Please take the lines from the one holding "EL1000 Roble Berdal" through the one holding "A espessura da" in the data below and copy them exactly.

» Input data
********

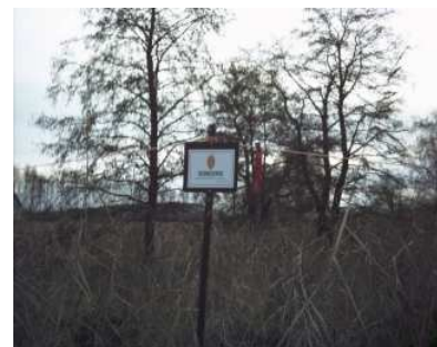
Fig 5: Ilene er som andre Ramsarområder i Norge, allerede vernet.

********

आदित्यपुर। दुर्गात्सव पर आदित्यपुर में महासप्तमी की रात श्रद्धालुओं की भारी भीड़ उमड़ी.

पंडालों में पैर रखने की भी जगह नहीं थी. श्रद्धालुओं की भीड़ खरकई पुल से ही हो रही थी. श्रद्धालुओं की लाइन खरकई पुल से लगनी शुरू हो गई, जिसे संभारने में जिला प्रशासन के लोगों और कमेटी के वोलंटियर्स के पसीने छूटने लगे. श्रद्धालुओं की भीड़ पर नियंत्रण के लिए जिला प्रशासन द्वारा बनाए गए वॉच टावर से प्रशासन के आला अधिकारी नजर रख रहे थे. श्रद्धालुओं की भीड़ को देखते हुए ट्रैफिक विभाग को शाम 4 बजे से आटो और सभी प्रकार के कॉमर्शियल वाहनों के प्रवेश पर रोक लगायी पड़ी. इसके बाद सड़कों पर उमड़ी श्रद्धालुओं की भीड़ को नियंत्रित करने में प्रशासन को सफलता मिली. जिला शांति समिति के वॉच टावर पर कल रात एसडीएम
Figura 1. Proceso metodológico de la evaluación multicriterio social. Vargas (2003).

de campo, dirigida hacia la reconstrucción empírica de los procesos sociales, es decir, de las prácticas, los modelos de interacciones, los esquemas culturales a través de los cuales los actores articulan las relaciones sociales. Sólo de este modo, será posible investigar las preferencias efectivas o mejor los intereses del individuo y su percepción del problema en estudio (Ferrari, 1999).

********

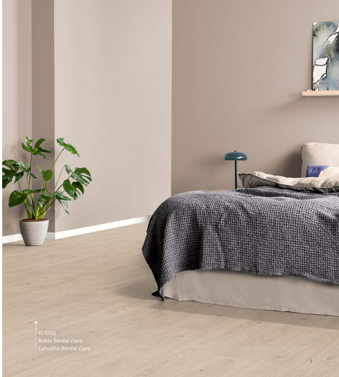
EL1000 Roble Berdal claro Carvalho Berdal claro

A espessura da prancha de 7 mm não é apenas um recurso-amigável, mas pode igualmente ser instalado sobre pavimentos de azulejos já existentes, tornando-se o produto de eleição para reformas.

********

» Solution to this exercise
EL1000 Roble Berdal claro Carvalho Berdal claro

A espessura da prancha de 7 mm não é apenas um recurso-amigável, mas pode igualmente ser instalado sobre pavimentos de azulejos já existentes, tornando-se o produto de eleição para reformas.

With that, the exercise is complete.